Please, from the entries below, transcribe exactly the lines that begin at the line with "ఎలోన్ మస్క్ ఒక" and end at the line with "草原とかわいいラムキンの刺繍、お花も咲いています。", without the pictures.

BEGIN Record excerpts

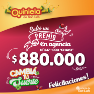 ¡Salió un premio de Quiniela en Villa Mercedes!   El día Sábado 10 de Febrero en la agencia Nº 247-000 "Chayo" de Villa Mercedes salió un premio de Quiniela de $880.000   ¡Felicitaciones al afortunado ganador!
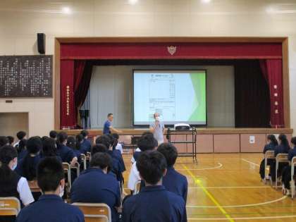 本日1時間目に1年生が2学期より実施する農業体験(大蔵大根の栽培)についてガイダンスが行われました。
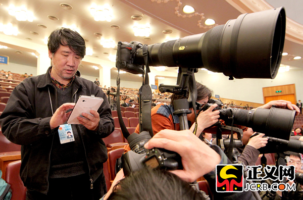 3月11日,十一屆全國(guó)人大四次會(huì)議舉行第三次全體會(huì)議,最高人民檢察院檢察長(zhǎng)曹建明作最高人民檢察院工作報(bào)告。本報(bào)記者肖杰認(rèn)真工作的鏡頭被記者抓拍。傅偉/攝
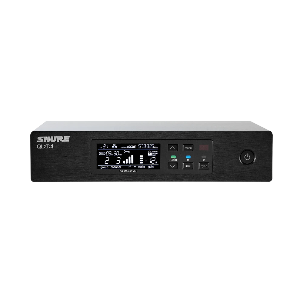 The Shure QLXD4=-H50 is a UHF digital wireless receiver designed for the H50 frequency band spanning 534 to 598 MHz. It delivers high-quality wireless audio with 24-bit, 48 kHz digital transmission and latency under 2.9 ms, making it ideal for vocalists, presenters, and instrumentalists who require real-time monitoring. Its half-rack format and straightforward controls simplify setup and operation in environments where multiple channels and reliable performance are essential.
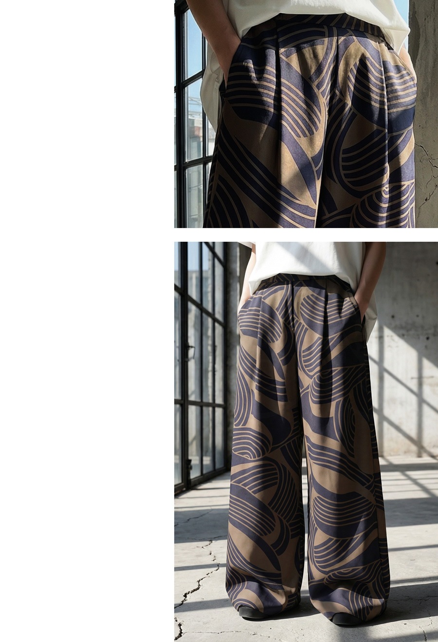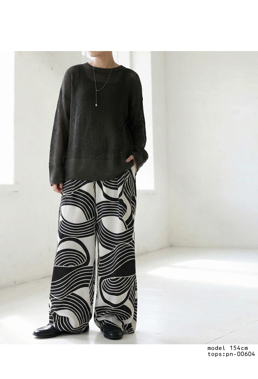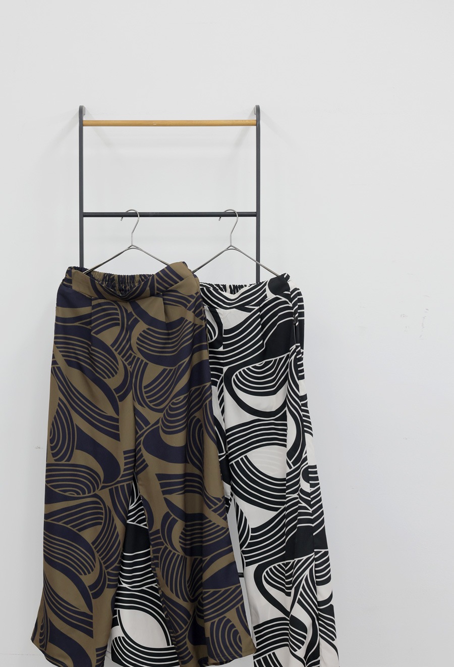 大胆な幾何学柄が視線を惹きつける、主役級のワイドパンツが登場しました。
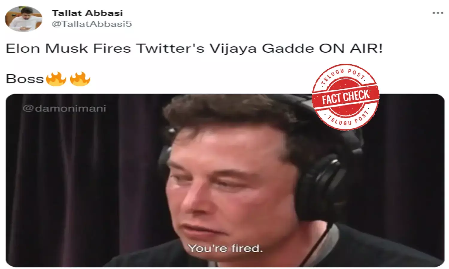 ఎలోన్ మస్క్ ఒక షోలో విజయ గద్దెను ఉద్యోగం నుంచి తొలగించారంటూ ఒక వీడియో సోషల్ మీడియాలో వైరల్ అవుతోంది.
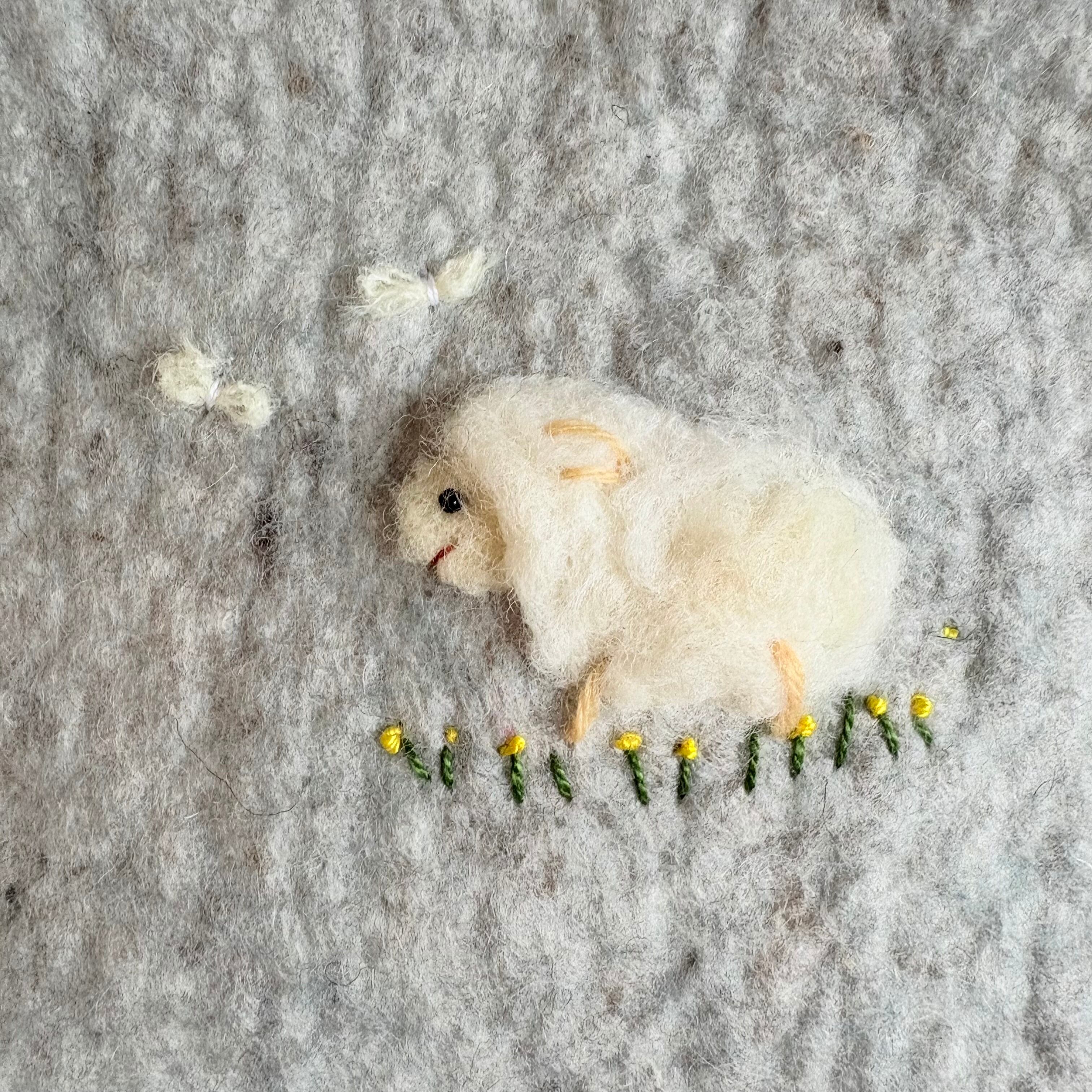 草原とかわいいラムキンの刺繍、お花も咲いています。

END Record excerpts
BEGIN Record excerpts

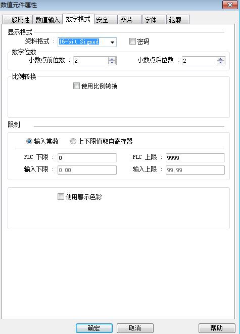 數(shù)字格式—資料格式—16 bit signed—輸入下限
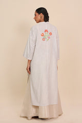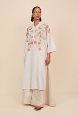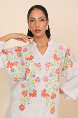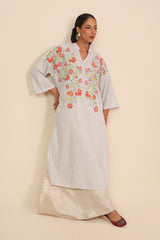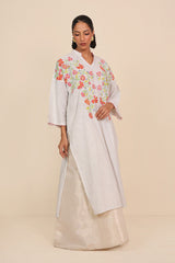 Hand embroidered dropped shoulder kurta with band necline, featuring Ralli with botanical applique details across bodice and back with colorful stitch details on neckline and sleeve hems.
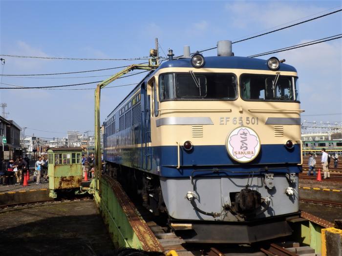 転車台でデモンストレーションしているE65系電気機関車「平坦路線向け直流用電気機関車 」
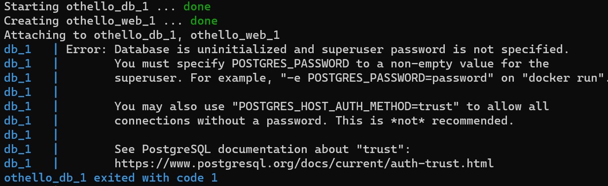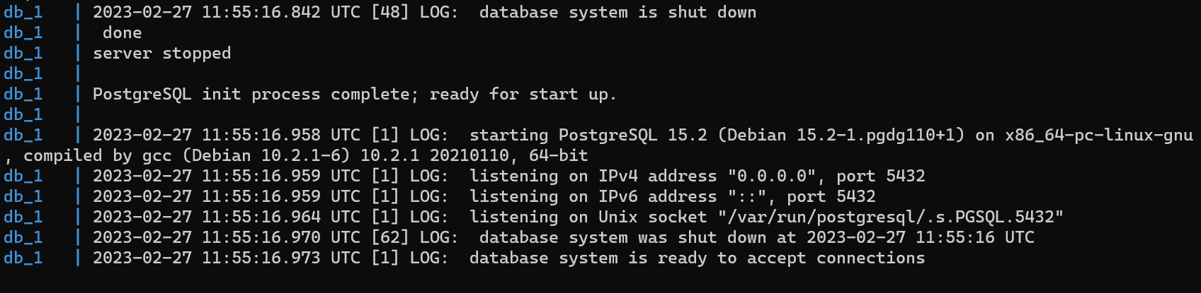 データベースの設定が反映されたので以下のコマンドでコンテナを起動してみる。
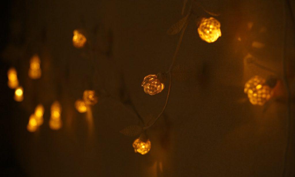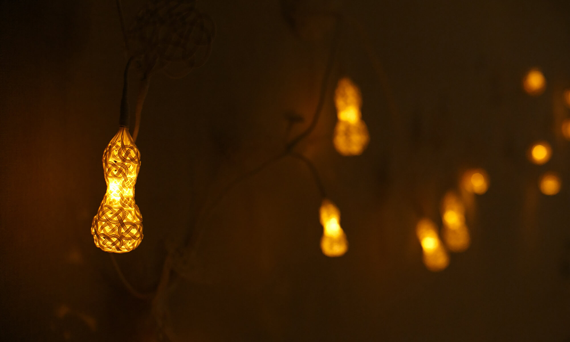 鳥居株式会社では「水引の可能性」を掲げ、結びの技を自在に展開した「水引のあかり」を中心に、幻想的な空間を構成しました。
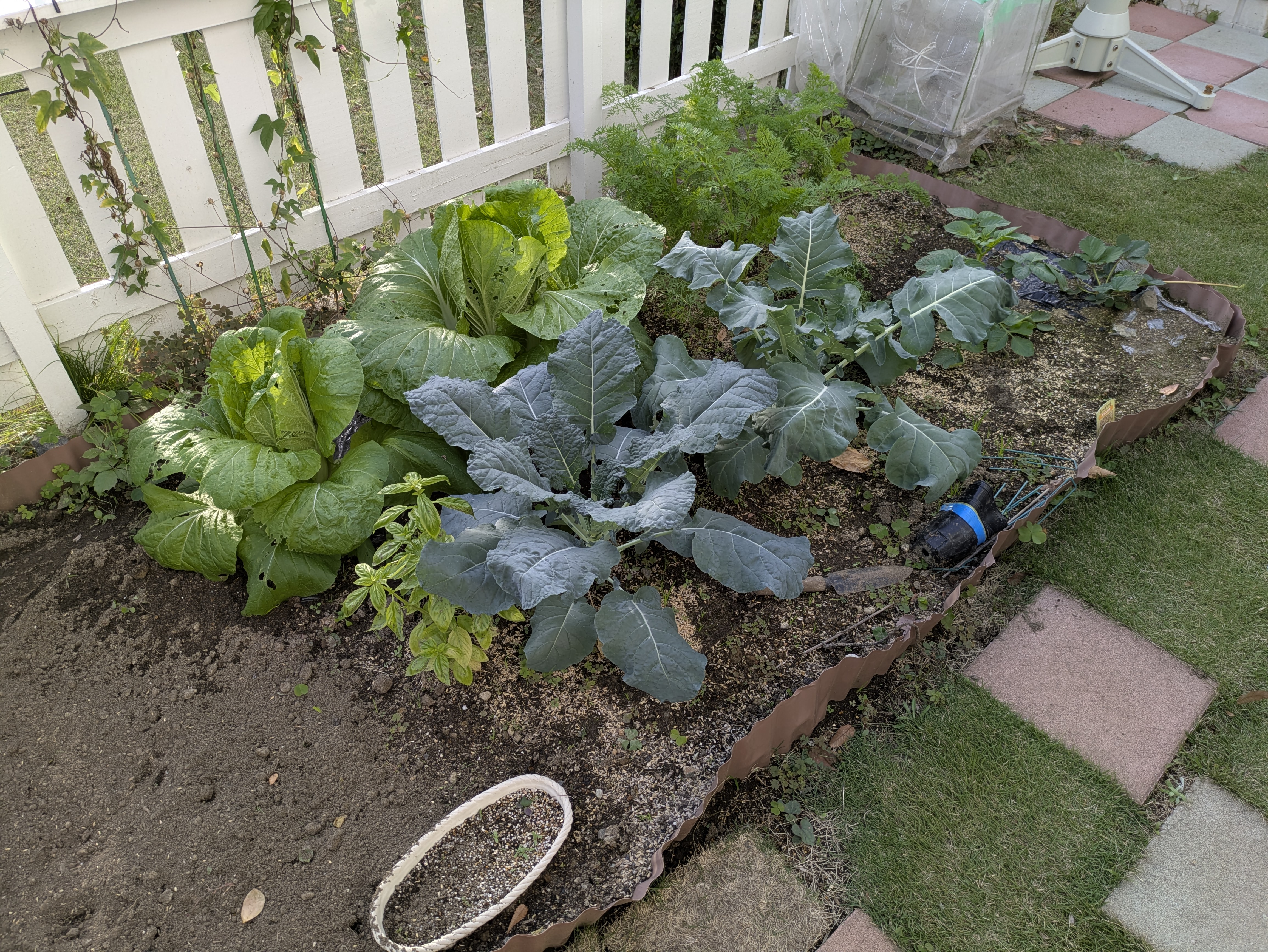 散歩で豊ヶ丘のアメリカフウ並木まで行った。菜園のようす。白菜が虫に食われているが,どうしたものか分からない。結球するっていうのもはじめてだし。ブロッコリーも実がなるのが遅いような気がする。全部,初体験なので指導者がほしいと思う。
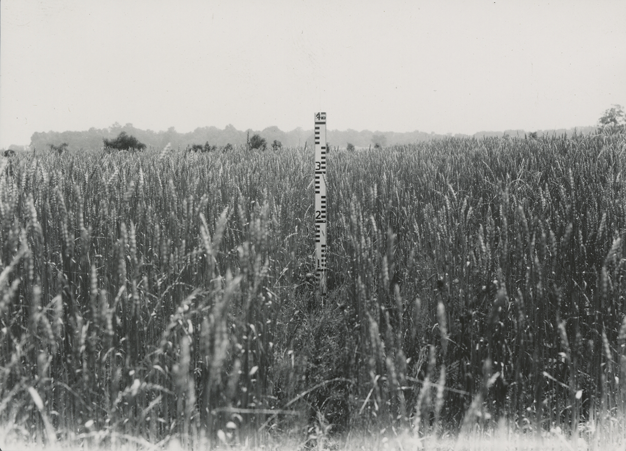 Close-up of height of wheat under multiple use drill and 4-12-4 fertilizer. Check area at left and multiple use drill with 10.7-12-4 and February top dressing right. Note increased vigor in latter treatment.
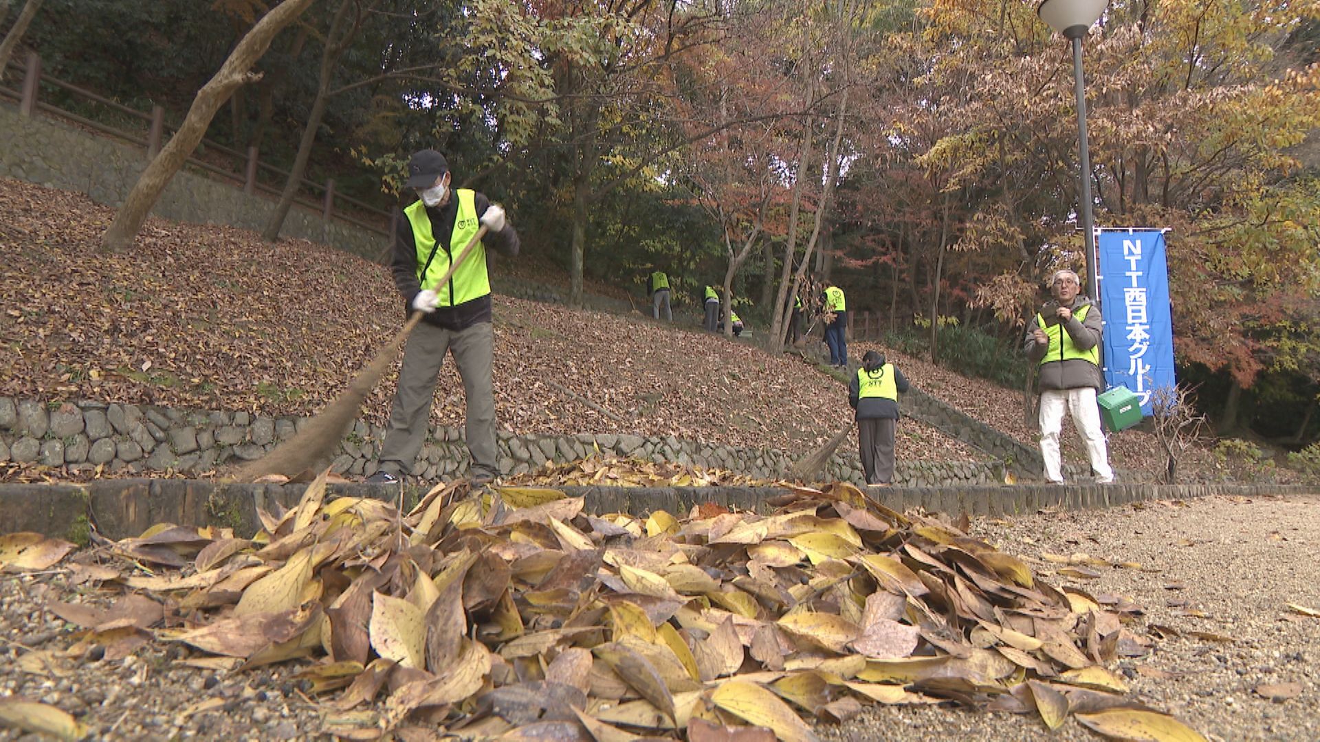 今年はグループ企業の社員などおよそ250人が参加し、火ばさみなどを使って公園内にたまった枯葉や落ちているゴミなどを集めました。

END Record excerpts
BEGIN Record excerpts

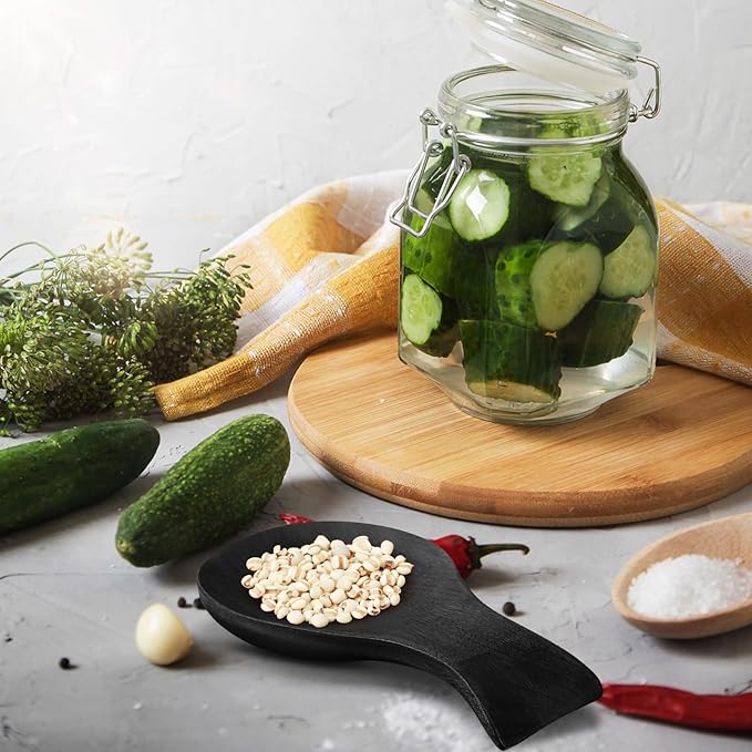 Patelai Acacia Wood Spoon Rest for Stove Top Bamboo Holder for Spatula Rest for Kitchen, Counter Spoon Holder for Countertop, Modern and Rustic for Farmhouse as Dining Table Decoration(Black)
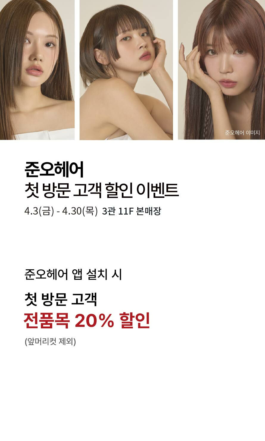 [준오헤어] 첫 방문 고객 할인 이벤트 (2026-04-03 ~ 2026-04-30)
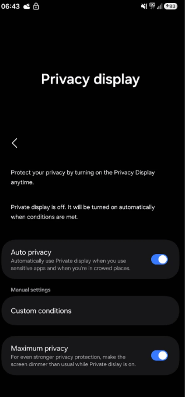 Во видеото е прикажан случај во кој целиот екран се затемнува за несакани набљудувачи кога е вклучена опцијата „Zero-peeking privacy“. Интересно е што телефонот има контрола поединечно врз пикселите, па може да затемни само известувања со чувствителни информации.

END Record excerpts

● Result for this exercise:
 ఎలోన్ మస్క్ ఒక షోలో విజయ గద్దెను ఉద్యోగం నుంచి తొలగించారంటూ ఒక వీడియో సోషల్ మీడియాలో వైరల్ అవుతోంది.
 草原とかわいいラムキンの刺繍、お花も咲いています。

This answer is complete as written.